Mocht deze informele aanpak desondanks niet tot oplossingen leiden, dan is het handig om de klacht op papier te hebben (dit kan elektronisch of schriftelijk). Dit bepaalt namelijk de aanvang van de officiële termijn van de afhandeling van de klacht. De zorgaanbieder moet vanaf dat moment binnen zes weken de klacht samen met de cliënt tot een oplossing brengen.

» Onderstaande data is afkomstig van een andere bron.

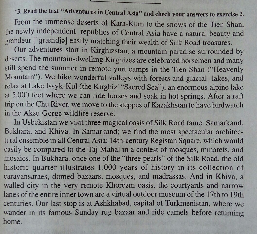 От огромных пустынь Каракум до снегjd Тянь-Шаня, в новых независимых республиках Центральной Азии есть природная красота и величие, легко соответствующие их богатству сокровищ Великого Шелкового пути. Наши приключения начинаются в Кыргызстане, горном раю, окруженном пустынями. Горные киргизы отмечают всадников, а многие еще проводят лето в отдаленных юртовых лагерях в Тянь-Шане («Небесная гора»), Мы путешествуем по прекрасным долинам с лесами и ледниковыми озерами и отдыхаем на озере Иссык-Куль («Киргиз», Священное море "), огромное альпийское озеро на высоте 5000 метров, где мы можем кататься на лошадях и впитываться в горячие источники. После поездки на плоту по реке Чу мы переходим в степи Казахстана, чтобы наблюдать за птицами в заповеднике Аксуского ущелья. В Усбекистабе мы посетим три волшебных оазиса славы Шелкового пути: Самаканд, Бухара и Хиву, в Самарканде, где господствует Тамерлан, мы находим самый впечатляющий архитектурный ансамбль во всей центральной Азии: площадь Регистан 14-го века, что легко скроет Тадж-Махал в конкурсе мечетей, минаретов и мозаик. В Бухаре, когда-то один из «Трех жемчужин» шелковой дороги, старый исторический квартал иллюстрирует 1.000-летнюю историю в коллекции караванов, куполообразных базаров, мечетей и медресе. А в Хиве - обнесенный стеной город во всем внутреннем город - это виртуальный музей под открытым небом с 17 по 19 век. Наш последний сиоп находится в ашхабаде, столице Туркменистана, где мы блуждаем по знаменитому воскресному рынку ковров и катаемся на верблюдах, прежде чем вернуться домой.
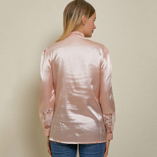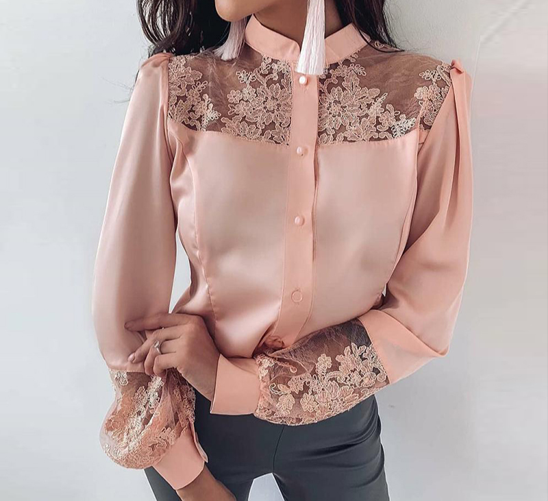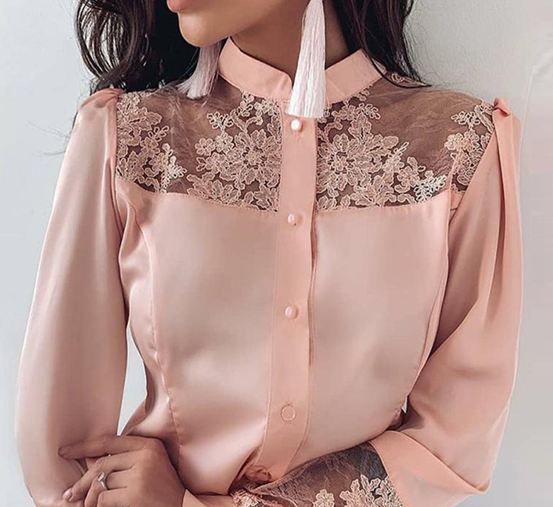 Beautiful pink button-up women's blouse with long sleeves and lace

Zo nodig, kan de interne begeleider helpen bij het duidelijk en goed omschrijven van de klacht.

Artikel 9 Afdoening, advisering en beoordeling van de klacht

De zorgverlener moet binnen zes weken na ontvangst van de schriftelijke (of elektronische) klacht een oordeel geven over de klacht. Hiermee wordt de reactie van de zorgaanbieder op de ontvangen klacht bedoeld. Dit zogenoemde oordeel kan verschillend luiden. Het kan een inhoudelijk standpunt over de ingediende klacht betreffen: Was de klacht terecht of onterecht, en welke eventuele maatregelen zijn er getroffen? Het kan ook gaan om een procedurele reactie: een bevestiging dat de zorgaanbieder en cliënt er in goed overleg zijn uitgekomen. Wanneer het werken aan een oplossing nog gaande is, is een uitleg waarom de klacht nog niet is opgelost en wat de vervolgstappen zijn, ook mogelijk. Denk in dit verband bijvoorbeeld aan een mediationtraject dat partijen zijn overeengekomen.

Artikel 10 Geschilleninstantie

Belangrijk is dat het oordeel van de zorgverlener houvast biedt voor de cliënt om te beoordelen of hij tevreden is met de manier waarop de klacht is behandeld of nog in behandeling is. Wanneer hij niet tevreden is, kan hij met het oordeel van de aanbieder naar een geschilleninstantie. De geschilleninstantie zal het oordeel van de zorgaanbieder meenemen in de verdere behandeling van het geschil.